**PROBLEM DESCRIPTION:**
From the records that follow, return exactly the lines beginning at the one that contains "The MICE industry" and ending at the one that contains "Naomi, die ein", pictures left out.

**DATASET CONTENT:**
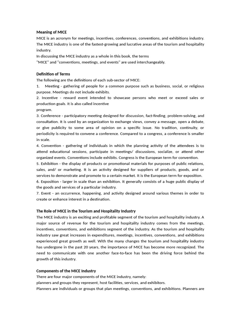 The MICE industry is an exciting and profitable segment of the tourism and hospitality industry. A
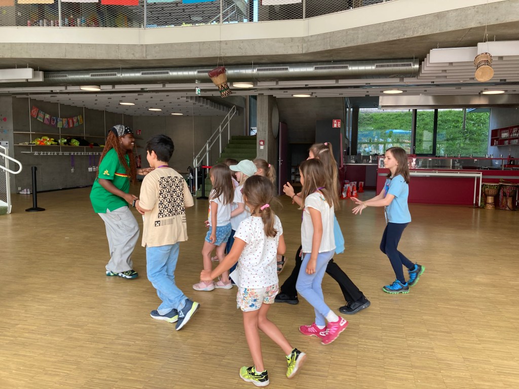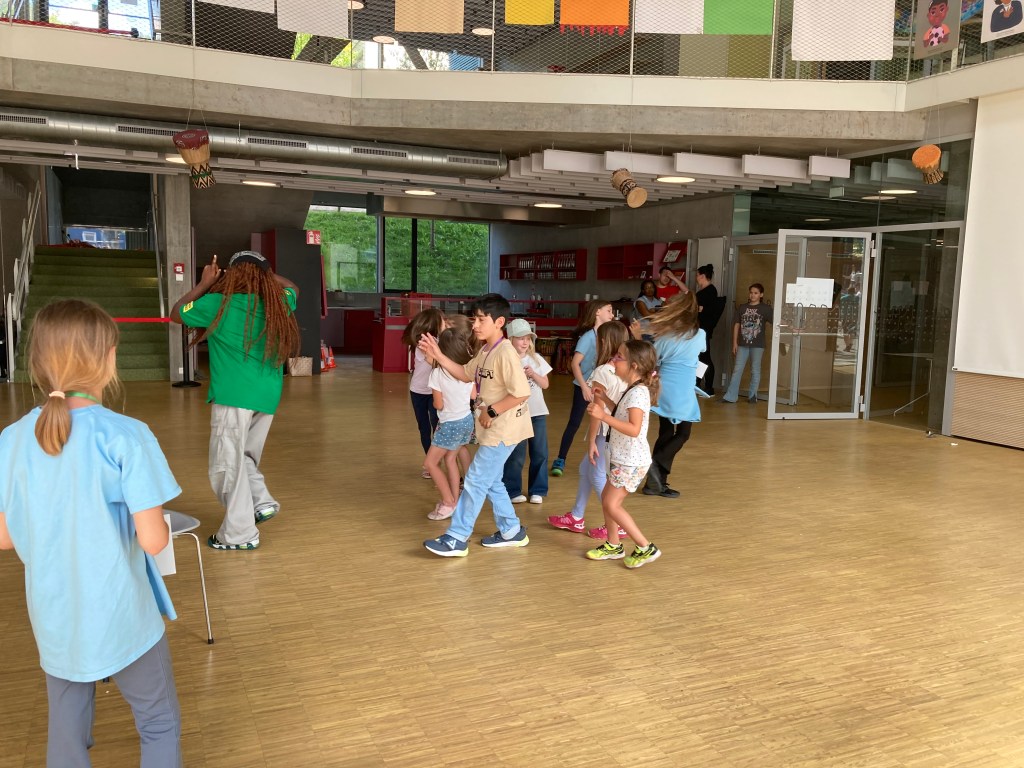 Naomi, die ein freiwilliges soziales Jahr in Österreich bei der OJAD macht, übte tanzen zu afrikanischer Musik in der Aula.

* * *

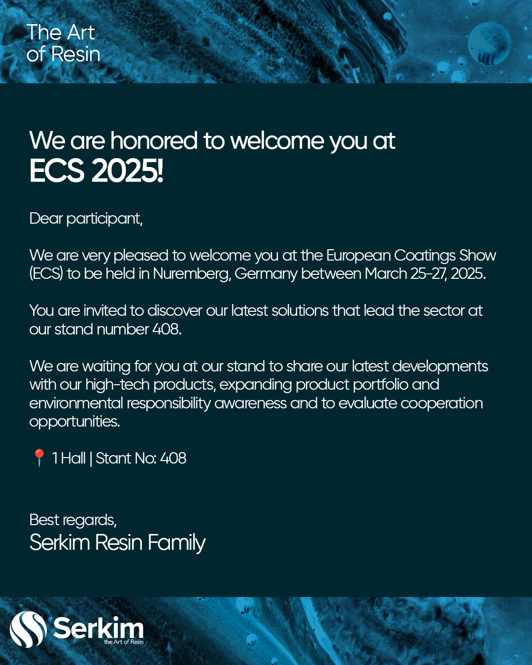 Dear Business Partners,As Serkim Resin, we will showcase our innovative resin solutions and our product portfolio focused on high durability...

**EXERCISE SOLUTION:**
 The MICE industry is an exciting and profitable segment of the tourism and hospitality industry. A
 Naomi, die ein freiwilliges soziales Jahr in Österreich bei der OJAD macht, übte tanzen zu afrikanischer Musik in der Aula.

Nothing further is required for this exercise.